▸ Collected data:
********

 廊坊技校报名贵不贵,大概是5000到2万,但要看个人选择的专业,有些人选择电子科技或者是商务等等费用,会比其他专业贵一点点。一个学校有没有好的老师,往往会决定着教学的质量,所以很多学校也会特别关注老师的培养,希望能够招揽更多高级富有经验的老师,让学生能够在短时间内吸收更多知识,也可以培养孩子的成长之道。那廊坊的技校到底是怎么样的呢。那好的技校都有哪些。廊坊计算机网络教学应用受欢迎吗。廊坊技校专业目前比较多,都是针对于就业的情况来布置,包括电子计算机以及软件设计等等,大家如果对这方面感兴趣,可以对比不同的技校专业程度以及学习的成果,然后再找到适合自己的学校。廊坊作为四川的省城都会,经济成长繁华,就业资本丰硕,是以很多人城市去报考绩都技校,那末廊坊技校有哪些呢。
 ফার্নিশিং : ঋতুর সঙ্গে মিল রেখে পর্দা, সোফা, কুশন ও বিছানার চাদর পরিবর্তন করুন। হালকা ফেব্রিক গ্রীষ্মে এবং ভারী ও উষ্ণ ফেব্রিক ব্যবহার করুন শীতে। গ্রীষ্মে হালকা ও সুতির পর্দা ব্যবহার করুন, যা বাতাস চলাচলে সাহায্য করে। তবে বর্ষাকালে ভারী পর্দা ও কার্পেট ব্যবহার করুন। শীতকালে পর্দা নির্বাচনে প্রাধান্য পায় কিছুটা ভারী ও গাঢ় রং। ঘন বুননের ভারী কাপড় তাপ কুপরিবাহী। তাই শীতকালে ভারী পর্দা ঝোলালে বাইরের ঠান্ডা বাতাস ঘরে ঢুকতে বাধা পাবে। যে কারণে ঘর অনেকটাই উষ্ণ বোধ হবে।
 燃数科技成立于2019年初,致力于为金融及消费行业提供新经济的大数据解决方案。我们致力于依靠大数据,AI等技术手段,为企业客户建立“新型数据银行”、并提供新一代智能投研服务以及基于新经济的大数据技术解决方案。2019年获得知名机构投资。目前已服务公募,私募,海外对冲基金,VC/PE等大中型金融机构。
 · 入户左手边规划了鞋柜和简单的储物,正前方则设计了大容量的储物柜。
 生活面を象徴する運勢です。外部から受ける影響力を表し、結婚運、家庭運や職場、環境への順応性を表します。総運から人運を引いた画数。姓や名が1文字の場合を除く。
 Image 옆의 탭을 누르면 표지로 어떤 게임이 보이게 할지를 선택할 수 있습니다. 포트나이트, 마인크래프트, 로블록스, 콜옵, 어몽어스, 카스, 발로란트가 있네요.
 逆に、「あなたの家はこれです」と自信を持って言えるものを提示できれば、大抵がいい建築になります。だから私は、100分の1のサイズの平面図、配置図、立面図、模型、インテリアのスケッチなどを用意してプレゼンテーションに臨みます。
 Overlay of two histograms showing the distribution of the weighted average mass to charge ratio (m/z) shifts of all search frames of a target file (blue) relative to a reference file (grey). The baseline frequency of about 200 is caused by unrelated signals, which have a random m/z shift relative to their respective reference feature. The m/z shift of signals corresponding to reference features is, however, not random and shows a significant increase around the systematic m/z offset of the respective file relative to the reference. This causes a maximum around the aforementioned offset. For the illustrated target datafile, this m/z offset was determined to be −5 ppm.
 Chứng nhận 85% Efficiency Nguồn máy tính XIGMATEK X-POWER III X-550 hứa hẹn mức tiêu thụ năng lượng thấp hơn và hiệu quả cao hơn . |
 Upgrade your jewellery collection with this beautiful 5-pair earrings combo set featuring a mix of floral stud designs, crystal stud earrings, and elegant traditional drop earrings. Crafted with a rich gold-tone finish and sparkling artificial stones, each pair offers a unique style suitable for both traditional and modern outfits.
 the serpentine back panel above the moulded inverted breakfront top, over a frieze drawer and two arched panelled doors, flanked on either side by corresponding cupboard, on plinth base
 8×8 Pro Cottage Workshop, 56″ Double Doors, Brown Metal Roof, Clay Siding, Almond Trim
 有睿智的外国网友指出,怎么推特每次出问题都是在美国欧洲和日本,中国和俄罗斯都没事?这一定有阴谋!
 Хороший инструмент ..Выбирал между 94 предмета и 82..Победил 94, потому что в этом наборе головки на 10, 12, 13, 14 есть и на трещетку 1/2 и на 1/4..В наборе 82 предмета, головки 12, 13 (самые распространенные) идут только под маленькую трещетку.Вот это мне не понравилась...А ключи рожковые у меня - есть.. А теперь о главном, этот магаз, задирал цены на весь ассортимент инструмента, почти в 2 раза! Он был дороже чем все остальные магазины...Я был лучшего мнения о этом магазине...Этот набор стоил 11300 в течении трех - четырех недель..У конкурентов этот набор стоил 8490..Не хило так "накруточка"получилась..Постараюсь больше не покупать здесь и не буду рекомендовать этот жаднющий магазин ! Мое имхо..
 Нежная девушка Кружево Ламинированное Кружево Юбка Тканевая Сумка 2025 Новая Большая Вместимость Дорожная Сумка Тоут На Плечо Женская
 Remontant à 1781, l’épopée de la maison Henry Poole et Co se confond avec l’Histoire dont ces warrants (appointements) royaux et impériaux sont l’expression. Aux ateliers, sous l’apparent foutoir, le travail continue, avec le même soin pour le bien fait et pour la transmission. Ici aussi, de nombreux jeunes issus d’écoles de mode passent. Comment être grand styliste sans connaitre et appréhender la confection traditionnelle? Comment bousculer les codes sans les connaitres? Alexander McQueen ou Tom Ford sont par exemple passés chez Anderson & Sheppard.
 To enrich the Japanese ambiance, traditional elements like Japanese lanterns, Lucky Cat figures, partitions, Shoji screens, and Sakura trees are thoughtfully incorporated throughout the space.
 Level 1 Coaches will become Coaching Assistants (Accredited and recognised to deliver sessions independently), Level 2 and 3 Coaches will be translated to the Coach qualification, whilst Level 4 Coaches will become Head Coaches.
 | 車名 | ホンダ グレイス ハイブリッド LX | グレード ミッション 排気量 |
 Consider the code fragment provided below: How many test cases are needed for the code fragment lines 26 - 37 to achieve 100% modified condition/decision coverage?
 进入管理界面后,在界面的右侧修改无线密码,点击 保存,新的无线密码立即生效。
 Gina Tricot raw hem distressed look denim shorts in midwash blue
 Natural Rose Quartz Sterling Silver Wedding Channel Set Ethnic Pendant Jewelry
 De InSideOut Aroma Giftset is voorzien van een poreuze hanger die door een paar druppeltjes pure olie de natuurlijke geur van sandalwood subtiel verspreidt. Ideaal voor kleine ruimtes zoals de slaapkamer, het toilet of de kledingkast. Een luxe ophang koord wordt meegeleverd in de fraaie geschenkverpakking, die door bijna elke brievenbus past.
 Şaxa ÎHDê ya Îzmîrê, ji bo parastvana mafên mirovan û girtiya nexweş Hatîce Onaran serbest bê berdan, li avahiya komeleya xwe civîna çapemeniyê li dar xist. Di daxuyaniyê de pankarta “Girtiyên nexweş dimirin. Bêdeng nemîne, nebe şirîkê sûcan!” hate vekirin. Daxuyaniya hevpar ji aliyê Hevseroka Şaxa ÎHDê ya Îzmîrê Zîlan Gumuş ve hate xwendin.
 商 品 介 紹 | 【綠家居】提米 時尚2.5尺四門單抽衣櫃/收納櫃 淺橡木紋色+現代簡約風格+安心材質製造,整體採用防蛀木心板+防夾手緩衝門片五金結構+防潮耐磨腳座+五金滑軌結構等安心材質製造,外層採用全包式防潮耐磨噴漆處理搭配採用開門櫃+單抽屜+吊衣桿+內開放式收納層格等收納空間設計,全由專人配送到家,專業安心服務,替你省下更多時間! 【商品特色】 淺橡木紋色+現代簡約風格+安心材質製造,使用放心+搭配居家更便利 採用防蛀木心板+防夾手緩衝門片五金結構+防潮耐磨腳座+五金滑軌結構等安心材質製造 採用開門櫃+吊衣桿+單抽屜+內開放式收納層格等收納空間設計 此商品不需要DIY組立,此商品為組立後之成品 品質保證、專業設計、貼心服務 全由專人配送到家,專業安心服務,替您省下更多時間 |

********

▸ Exercise:
Using the records above, report each line with the string "traditional".

▸ Written response:
 Upgrade your jewellery collection with this beautiful 5-pair earrings combo set featuring a mix of floral stud designs, crystal stud earrings, and elegant traditional drop earrings. Crafted with a rich gold-tone finish and sparkling artificial stones, each pair offers a unique style suitable for both traditional and modern outfits.
 To enrich the Japanese ambiance, traditional elements like Japanese lanterns, Lucky Cat figures, partitions, Shoji screens, and Sakura trees are thoughtfully incorporated throughout the space.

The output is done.